# never have I seen this...very confused



## pkp (Oct 10, 2007)

A new house with over 300 screw pops, built near another new house a near identical floor plan with 0 screw pops. These houses had:

same soil conditions 
came concrete guy
same engineering
same truss company


different framer
different weather conditions before dry in
different sheet rocker

Has anyone seen this before and if so did you get to the bottom of it?


----------



## Cole (Aug 27, 2004)

300 Screw Pops!!!!!! 

Did you inspect the sheet rockers work?


----------



## pkp (Oct 10, 2007)

yeah he was my regular guy. I quit using him after that job. His quality is actually superior to anything I have seen but it is nigh impossible to get him out there when he says he will be out there so I had to quit using him. I called him and asked if he had ever seen anything like that and he said he thought there must be something else going on.

I tend to agree.


----------



## aWorkaHolic (Oct 1, 2007)

You have to love the 'Track Home Blues".

I've run into it many years back when I was a Super for a devlopement Co. in California. After back and fourth finger pointing, it was finalized by blaming the shipment of "Wet Drywall". Ended up tearing it all down and re-sheeting the house. luckily it was still un-occupied.


----------



## Cole (Aug 27, 2004)

The only other thing it could be would be lumber shrinkage because of the different weather conditions.

Have you checked the wood with a moisture meter?

Oh and one more thing, is the drywall nailed tight to the framing?


----------



## pkp (Oct 10, 2007)

Cole said:


> The only other thing it could be would be lumber shrinkage because of the different weather conditions.
> 
> Have you checked the wood with a moisture meter?
> 
> Oh and one more thing, is the drywall nailed tight to the framing?


never checked it with a moisture meter. The sheetrock was nailed on the 4 corners, and then screwed, 6" in the perimeter and 12" in the field, (which was glaringly obvious just by looking at the screw pops) as per code. Yeah it was tight to the framing. I don't even think you can dimple sheetrock for filling with a screw without it being tight.


----------



## pkp (Oct 10, 2007)

aWorkaHolic said:


> You have to love the 'Track Home Blues".
> 
> I've run into it many years back when I was a Super for a devlopement Co. in California. After back and fourth finger pointing, it was finalized by blaming the shipment of "Wet Drywall". Ended up tearing it all down and re-sheeting the house. luckily it was still un-occupied.

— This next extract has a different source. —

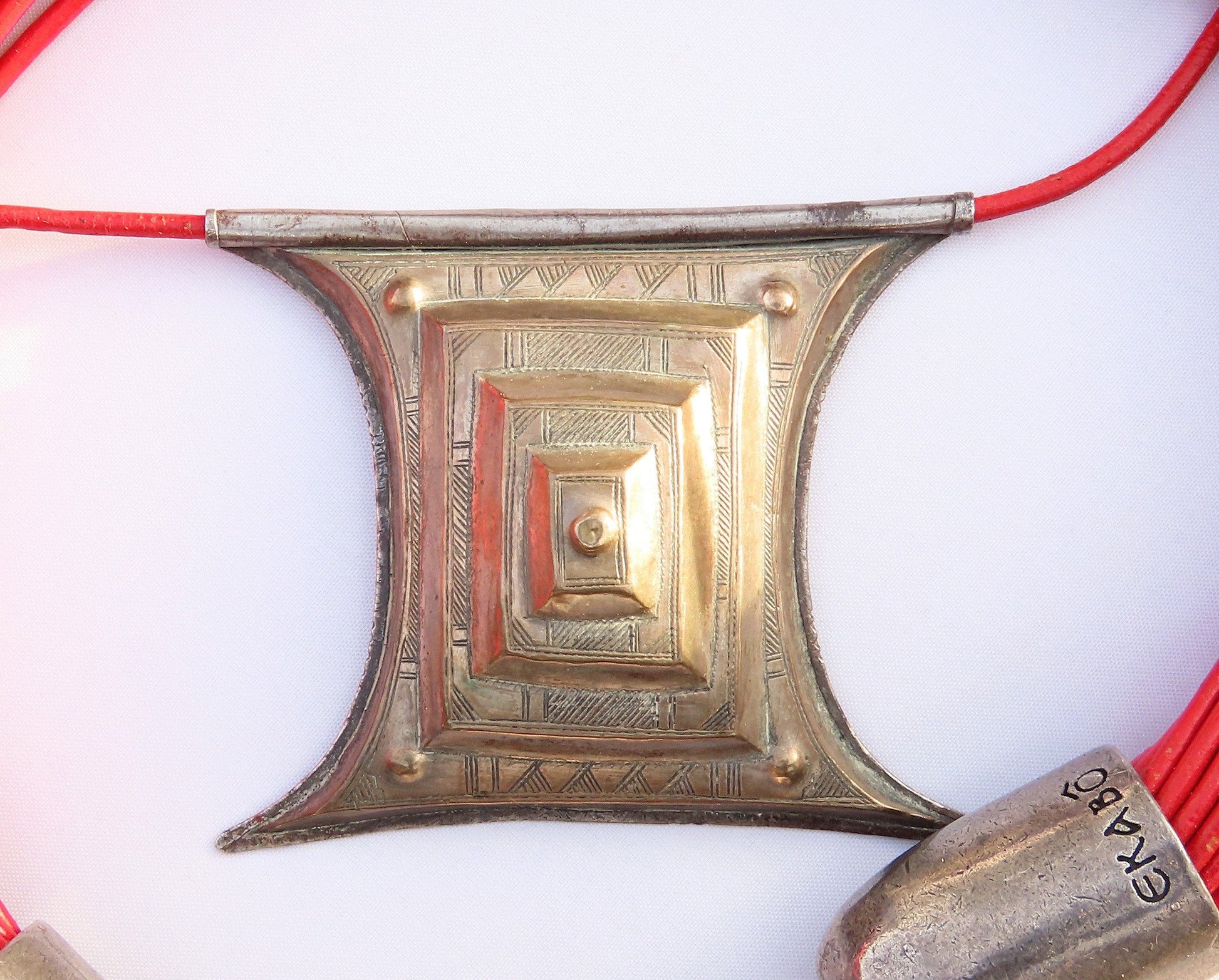 EKABO Paris African Red Leather Layered Necklace Pyramid Pendant 16 Inches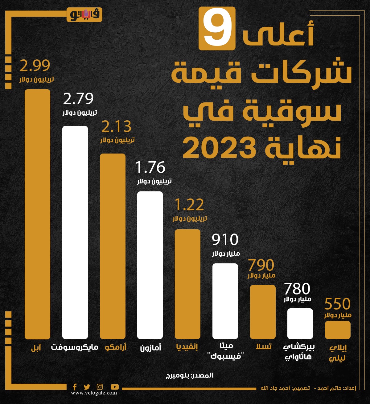 أعلى 9 شركات قيمة سوقية في نهاية 2023 (إنفوجراف) الثلاثاء 09/يناير/2024 - 06:00 م 1/9/2024 6:00:22 PM أعلى شركات قيمة سوقية، فيتو حاتم أحمد شارك طباعة 18 حجم الخط شارك طباعة ابل مايكروسوفت ارامكو بلومبرج امازون

did you buy that answer? if not, what was your hunch?


----------



## Tom R (Jun 1, 2004)

The framing shrinks from being installed to green (wet), and yet the screws stay put, - - it helps somewhat to use shorter screws, - - use 1 1/4" screws instead of 1 5/8" (for 1/2" rock) . . .


----------



## pkp (Oct 10, 2007)

Tom R said:


> The framing shrinks from being installed to green (wet), and yet the screws stay put, - - it helps somewhat to use shorter screws, - - use 1 1/4" screws instead of 1 5/8" (for 1/2" rock) . . .


more is going on. i.e. visible shear in some joint tape.
I called a soils engineer and he said there was a very remote chance that there could be some peat under the mineral soil or some other anomaly. He was pretty much baffled as well. I really only came here in the hopes that one other person said "yeah, I've build hundreds of houses and that happened to me once too..."


----------



## Cole (Aug 27, 2004)

pkp said:


> I really only came here in the hopes that one other person said "yeah, I've build hundreds of houses and that happened to me once too..."


Not likely to happen.

Let us know what happens.


----------



## aWorkaHolic (Oct 1, 2007)

pkp said:


> did you buy that answer? if not, what was your hunch?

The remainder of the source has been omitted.